Baikal Techno
Ice talks to me. It pulls, it beckons.
I grew up in the Netherlands. Here, as the temperature drops below zero in winter, the atmosphere gets slightly feverish. Will the canals freeze over, when will the lakes close, could the ice be thick enough to skate on? It’s not a given in any winter: the coastal climate and the warm Gulf Stream limit the amount of crisp winter days.
Moscow’s winters are more severe, and the ponds and lakes, and parts of the river, are guaranteed to freeze over. Often covered by a good pack of snow, so not really fit to skate on. People here love skating – but on the multitude of ice rinks dotted over the city.
Imagine my thrill as I heard murmurs in Moscow about skating on Lake Baikal. Thick, black, natural ice – covering the world’s largest fresh-water lake.
It doesn’t come easy, this ice. The mass of water is so large, it takes a long time to cool off. While sub-zero air temperatures are the norm from November onwards, the lake does not freeze over. Wind stirs the surface, and the warm deep layer of water prevents the ice from forming. Come January, waves crash on the shores and foam freezes instantly at -25°C, creating magnificent ice sculptures on the rocks. By end January, or early February, the lake has cooled to just above zero; and on a clear windless day at -35°C the whole of Baikal suddenly snap freezes in place. Within a week, over half a meter of ice has grown, enough to support regular car traffic!

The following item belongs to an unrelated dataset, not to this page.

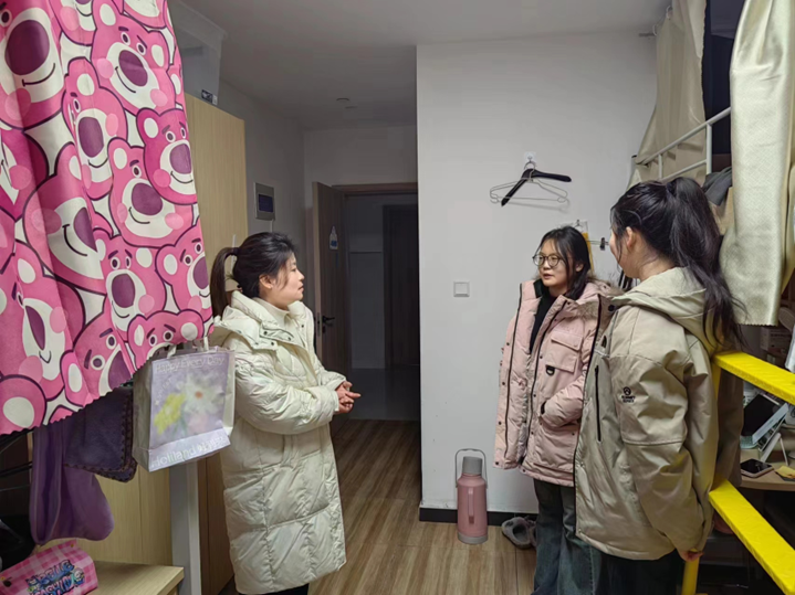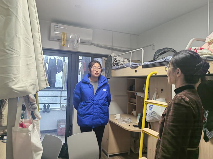 研究生辅导员薛璐、王鑫开展新学期宿舍走访工作,为研究生送上新学期的关心和问候,并提醒要增强安全意识,确保人身安全。

That is when the skating season starts.
Lake Baikal can have up to 300 days of sun in a year, with very little precipitation. Hence, there is a good chance for thick black ice, frozen hard without snow – the kind that irresistibly talks and pulls on me. And I went. I was there in early February, a five-and-a-half-hour flight due east from Moscow to Irkutsk, then a good hour by road to Listvyanka on the southwestern shore of Lake Baikal, where the Angara River flows out.
My first view of Lake Baikal was a steamy expanse of water, stirred by the light wind with fog rising. The lake here is 300m deep, the river only 3m; and relatively warmer water rises from the depths to the surface. It prevents this area to freeze, but the “warm” water hits the -20°C air and water vapour instantly turns to fog. Beyond the fog – a white, flat expanse. The snow-covered mountains on the other side looming in the far distance.
And the ice? The ice is out of this world. It is dark, black, and deep. It is criss-crossed by cracks, some tiny, some big. It is at times flat and shiny, at times with small ripples of tiny waves as if frozen in place. But most of all it is clear. Crystal-clear like ice cubes in a drink – but then on the scale of meters. It catches the sun in all shades of transparent blue. It is cold. It is hard. And it actually talks.
The ice murmurs. It sings. Like a whale song morphed into a techno beat.
As it freezes, the ice expands. And since it freezes so quickly over hundreds of square kilometres, the expansion causes stress. And cracks. These cracks turn into weak points where the ice grows into ridges of ice plates shoved onto and passed and under each other. Ice tectonics, in fact. Regularly the stress releases, and a crack forms with a “tzing” or a “twang”. Sometimes barely audible, sometimes much louder, and right under you. And sometimes a true “icequake” rumbles past as one of Baikal’s daily tiny earthquakes sends waves through the underlying water.
I am sitting quietly on the expanse of ice; the sun slowly sinking, the temperature edging from “cold” to “uncannily cold” – listening as the ice of Baikal sings its song and hums the beat. It’s with reluctance and a deep admiration for this part of the world that I get back up onto my skates, turn my back into the light wind, and let it gently push me back to the safety of the shore.
Photo credit: courtesy of Jean-Paul Koninx
Author’s comment: As I was writing this blog, the safety of the shore changed horribly and suddenly. So many people pushed, by choice or force, to uncertain shores and uncertain futures. Families and friendships torn by argument, by violence. Should I have – could I have – listened to the murmurs in Moscow before they turned into cries of anguish, grief and despair? Before the night turned so cold and harsh? At the moment I can only grief, and hope for a morning where that reflection is possible.